Lorraine’s personal PPS story was recently added to the PolioToday.org website http://poliotoday.org/?p=736. We searched Google for a photo of Sister Kenny, but could only find one photo. Let us know if you have additional pix!
We talked about pain management, prescription drugs versus natural remedies, and the use of magnesium with vitamins to handle leg cramps. This led to a discussion of high energy drinks to combat fatigue. We went to the website for “5-Hour Energy Drink.” The list of power-packing nutrients is long – how can they pack all that in there? Several websites discuss the product, and caution against Vitamin B overdosing, especially for people who are already high caffeine users. Read the review at: http://www.pain4glory.com/5-hour-energy-drink/
Pain and fatigue are some of our biggest issues. An occasional energy booster may have its value, but remember that with energy comes that fun thing called “getting things done” – you get the picture, right? Use moderation. Don’t push past your limits. That’s one way we got where we are today, which fulfilled us in some areas, but also helped to aggravate our bodies into the PPS we have today.

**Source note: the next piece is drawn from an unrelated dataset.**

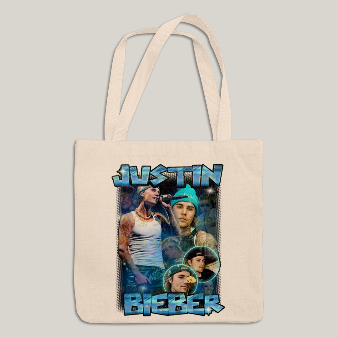 Sacola Ecobag Bolsa 38X40 Algodão Cru Graphic Justin Bieber King

Edward told us of his PPS-savvy doctor at Riverside Medical Clinic. Dr. Michael Saito, Pediatric and Adult Neurology, was an associate of Dr. Susan Perlman (UCLA), and is not just PPS-sympathetic, but PPS-knowledgeable as well. Ten years ago he told Edward to retire in order to avoid aggravating his post-polio condition. Edward was able to get SSD based on post-polio without a hassle.
Next meeting - We decided that our normal December date falls too close to Christmas this year, so we are moving it up a week.
Riverside Holiday Party Saturday December 11 (not 18) – Holiday feast and atmosphere. RSVP doesn’t have to be definite, and potluck is optional. We’d love to hear from you. Time 11am to 1pm, 3465 Ramona Dr, Riverside 92506.
(951) 788-9310. PPSRiverside@aol.com
Reported by Judy Mahoney
____The next Riverside PPSG meeting:____
December 11
Holiday Party
______________________________________
Riverside PPSG Meetings: third Saturday of even # months at 11 AM.
at the home of Bryan & Judy Mahoney, 3465 Ramona Drive, Riverside CA.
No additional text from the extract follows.